Top of RECORDS SHOWN

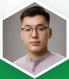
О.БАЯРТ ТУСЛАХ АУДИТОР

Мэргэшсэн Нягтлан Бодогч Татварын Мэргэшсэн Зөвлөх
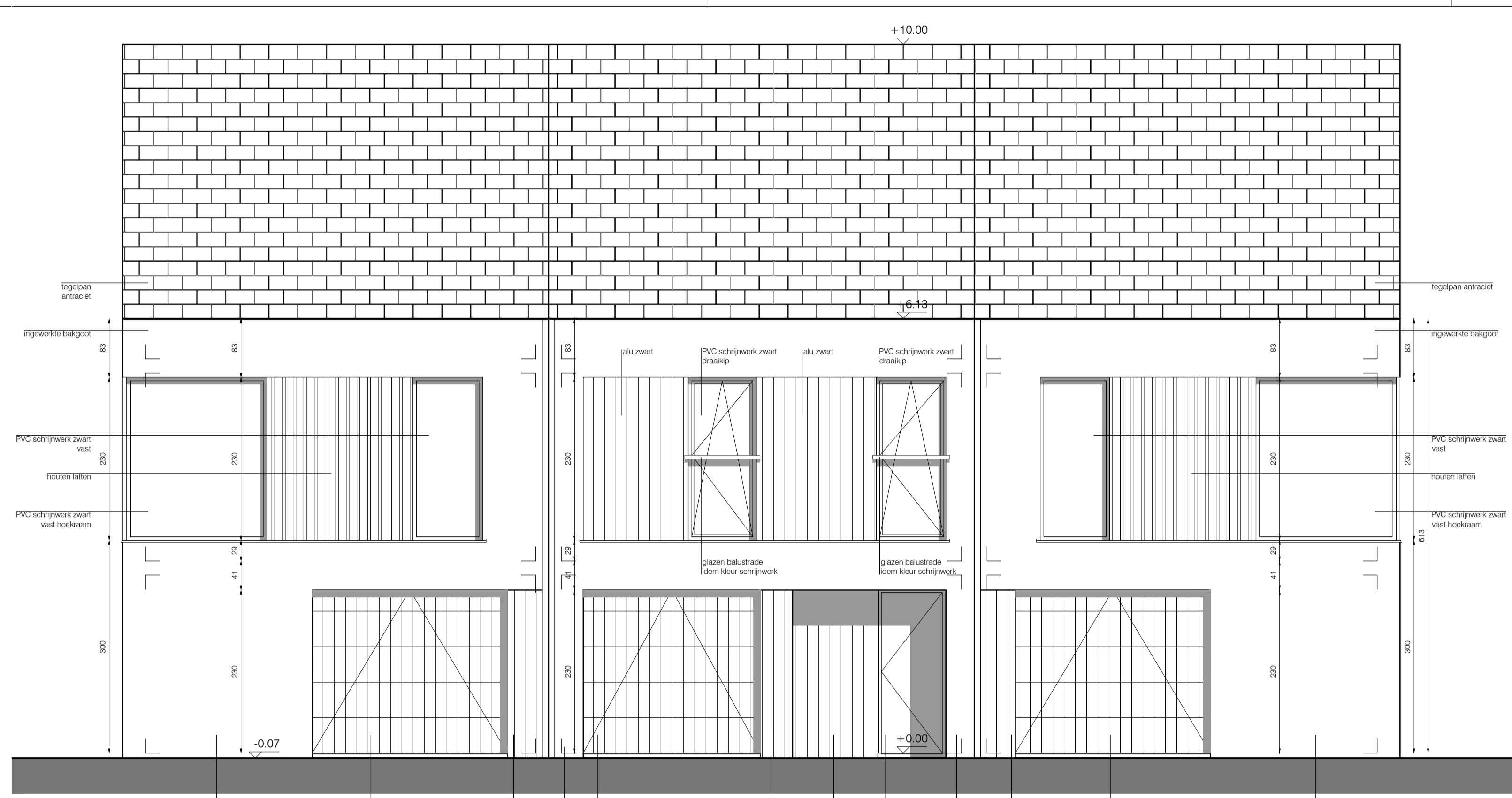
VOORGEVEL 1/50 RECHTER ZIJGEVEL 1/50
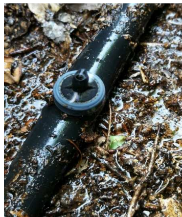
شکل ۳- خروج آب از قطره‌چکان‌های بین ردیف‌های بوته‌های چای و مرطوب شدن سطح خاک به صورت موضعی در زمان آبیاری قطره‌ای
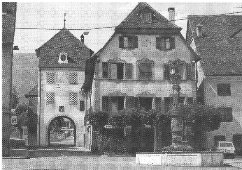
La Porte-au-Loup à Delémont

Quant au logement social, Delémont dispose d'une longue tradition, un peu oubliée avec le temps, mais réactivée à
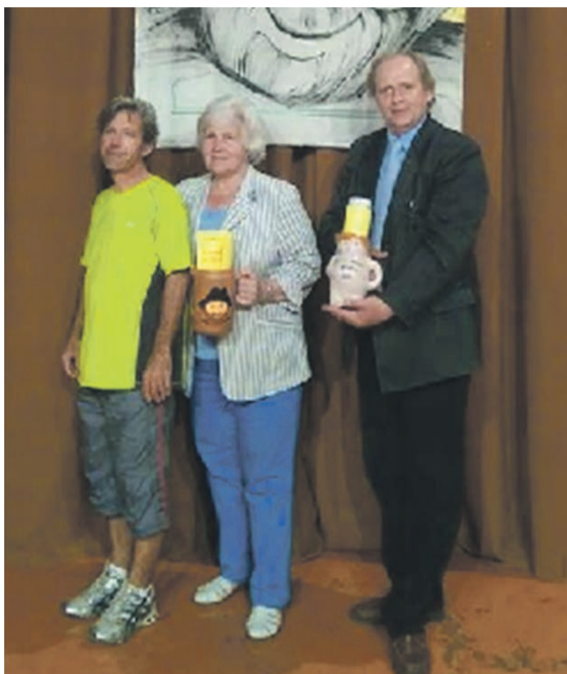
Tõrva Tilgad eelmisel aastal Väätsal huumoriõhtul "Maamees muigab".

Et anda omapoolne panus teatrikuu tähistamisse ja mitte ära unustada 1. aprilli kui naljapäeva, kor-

Bottom of RECORDS SHOWN

PROBLEM DETAILS:
The entries above need to be transcribed word for word, and the pictures stay out.

SOLUTION TO THE EXERCISE:
О.БАЯРТ ТУСЛАХ АУДИТОР

Мэргэшсэн Нягтлан Бодогч Татварын Мэргэшсэн Зөвлөх
VOORGEVEL 1/50 RECHTER ZIJGEVEL 1/50
شکل ۳- خروج آب از قطره‌چکان‌های بین ردیف‌های بوته‌های چای و مرطوب شدن سطح خاک به صورت موضعی در زمان آبیاری قطره‌ای
La Porte-au-Loup à Delémont

Quant au logement social, Delémont dispose d'une longue tradition, un peu oubliée avec le temps, mais réactivée à
Tõrva Tilgad eelmisel aastal Väätsal huumoriõhtul "Maamees muigab".

Et anda omapoolne panus teatrikuu tähistamisse ja mitte ära unustada 1. aprilli kui naljapäeva, kor-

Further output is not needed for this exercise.